The Nakayama Kimpai (中山金杯) is a Grade 3 (GIII) flat horse race in Japan.

== Background ==
The Nakayama Kimpai is a Grade III Thoroughbred handicap race in Japan, open to horses aged four years and older. It is held annually on January 5 (or the nearest available date) at Nakayama Racecourse over a distance of 2,000 meters on turf (inner course). Eligible entrants must have raced at least once and cannot be unraced or maiden horses. The field includes JRA-trained horses, up to two certified NAR (local) horses, and foreign-trained horses with priority entry. As a handicap race, weights are assigned based on each horse's past performance to ensure competitive balance. The first-place prize in 2026 is ¥43 million.

The race is officially titled the “Nikkan Sports Sho Nakayama Kimpai”, sponsored by Nikkan Sports newspaper (Tokyo headquarters), and the winner receives the Nikkan Sports Newspaper Prize.

== History ==
The Nakayama Kimpai was first run on January 20, 1952, as the “Kin Hai” (金杯) for horses aged five and older (equivalent to four-year-olds under current standards) over 2,600 meters on turf at Nakayama Racecourse. From 1954 to 1960, it was briefly run under weight-for-age (別定) conditions, but reverted to handicap thereafter. In 1961, the race underwent a change: it swapped distance and timing with the newly created American Jockey Club Cup, shortening to 2,000 meters and moving to early January, becoming Japan's traditional opening graded stakes race of the New Year.
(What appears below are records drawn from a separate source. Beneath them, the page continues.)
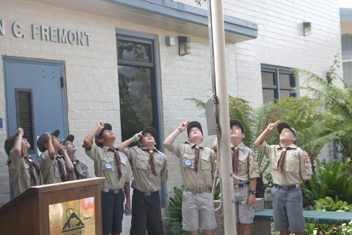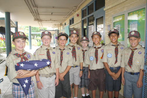 Sixth grader Q Flanagan-Gorham conducted the ceremony as Cub Scout Pack 304, Den 4 raised the American flag. Cub Scout members in attendance were Owen Clark, Jackson Bullard, Jared Noh, Nick Martin, Mason Allen, Nikolai Pravikoff, Brian Harley, Matthew Regan and leader Flanagan-Gorham.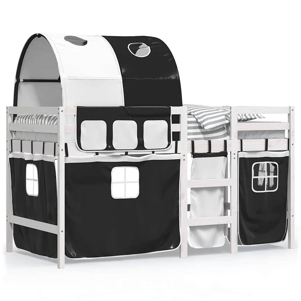 vidaXL Detská vyvýšená posteľ tunel bielo-čierna 90x190 cm borovica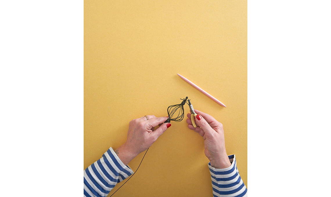 Con le mani apri i singoli fili, creando la bombatura del frutto. Avvolgili nella parte inferiore con un po’ di filo ben stretto.

From 1966 to 1995, a separate “Kin Hai” was also held at Kyoto Racecourse (now the Kyoto Kimpai). To distinguish the two, the Nakayama version was officially renamed “Nikkan Sports Sho Nakayama Kimpai” in 1996. The race was designated Grade III in 1984 with the introduction of JRA's grading system. International participation expanded gradually: foreign-bred horses were allowed from 1994, foreign-trained horses from 2006 (initially 4 runners, later 8 in 2007 and 9 in 2015), and NAR horses from 2020. The venue has seen occasional changes due to external factors: it was held at Tokyo (1970–1979, 1996, 2002) and even Fukushima in 1972 due to equine influenza and labor strikes. Since 1980, however, it has been permanently set at Nakayama.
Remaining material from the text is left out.